As late as the fifteenth century Pius II. said that the Italian priests had probably never read the New Testament; and Robert Stephens made the same charge against the doctors of the Sorbonne in the same age.
The necessity of dramatic representation would therefore soon outweigh objections made on the score of historical anachronism or doctrinal inaccuracy in these miracle plays.
Theophylact, Patriarch of Constantinople in the tenth century, is credited by the Byzantine historian Cedranus with the introduction of the Feast of Fools and Feast of the Ass, “thereby scandalizing God and the memory of his saints, by admitting into the sacred service diabolical dances, exclamations of ribaldry, and ballads borrowed from the streets and brothels.”—(Hone, quoting Wharton, “Miscellaneous Writings upon the Drama and Fiction,” vol. ii. p. 369.)
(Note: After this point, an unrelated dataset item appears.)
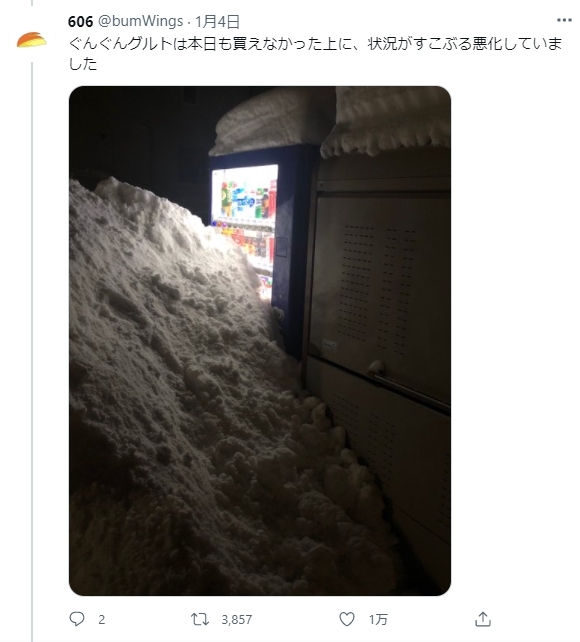 這誇張的雪量令人絕望,而接下來的幾天,雪量更是有增無減……該不會真的要等到春天,才能喝到飲料吧……。

In 1590, at Paris, the mendicant orders, led by the Bishop of Senlis, paraded the streets with tucked up robes, representing the Church Militant. These processions were believed to be the legitimate offspring of heathen pageants,—that is, that of Saint Peter in Vinculis was believed to be the transformed spectacle in honor of Augustus’s victory at Actium, etc.
Beletus describes the Feast of Fools as he saw it in the twelfth century. His account, given by Hone (p. 159), agrees word for word with that of Dulaure, excepting that, through an error of translation perhaps, he is made to say that the participants “ate rich puddings on the corners of the altar;” but as the word “pudding” meant even in the English language a meat pudding or sausage, the error is an immaterial one.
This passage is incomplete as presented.